Meskipun aku segera mengenali bangunan-bangunan itu, ada sesuatu yang aneh di area tersebut.
Mungkin awan yang datang membuat area tersebut terlihat lebih kelabu, namun suasananya terlihat lebih kumuh dibandingkan di TV.
Secara khusus, restoran Gabriel, yang sebenarnya adalah restoran Italia, tampak agak kumuh.
Jelas terlihat bahwa kanopi restoran dalam pertunjukan tersebut hanya digunakan selama pembuatan film.

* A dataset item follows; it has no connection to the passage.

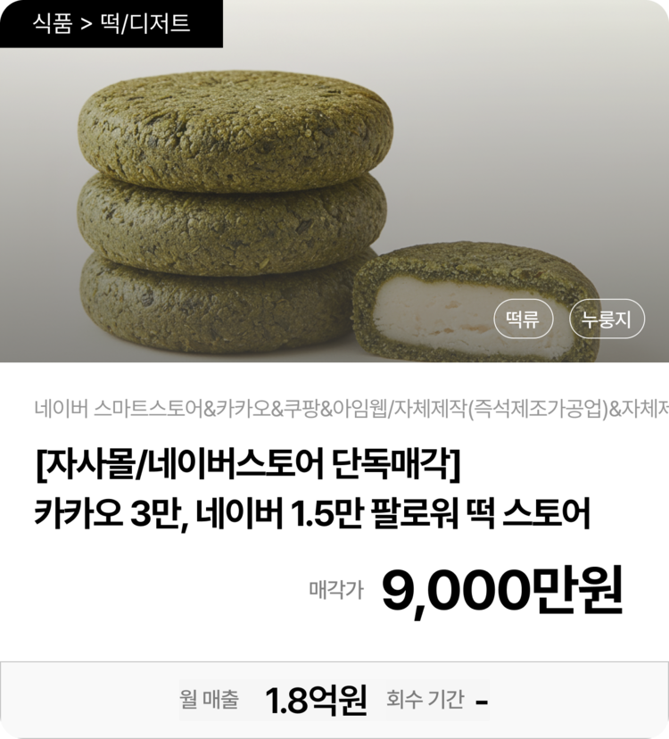 [자사몰/네이버스토어 단독매각] 카카오 3만, 네이버 1.5만 팔로워 떡 스토어

Anda mungkin mengira uang yang dihasilkan dari pertunjukan tersebut dapat digunakan untuk mengganti atap perusahaan.
Namun melihat dua pintu kayu menuju apartemen Emily memudarkan kesuraman di sekitar mereka.


Menurutku, pintu-pintu itu tampak seperti pintu masuk sempurna ke sebuah apartemen di kota yang suatu hari nanti bisa menjadi milikku.
Emily memang membuat satu keputusan bagus di musim ketiga: tetap di Paris.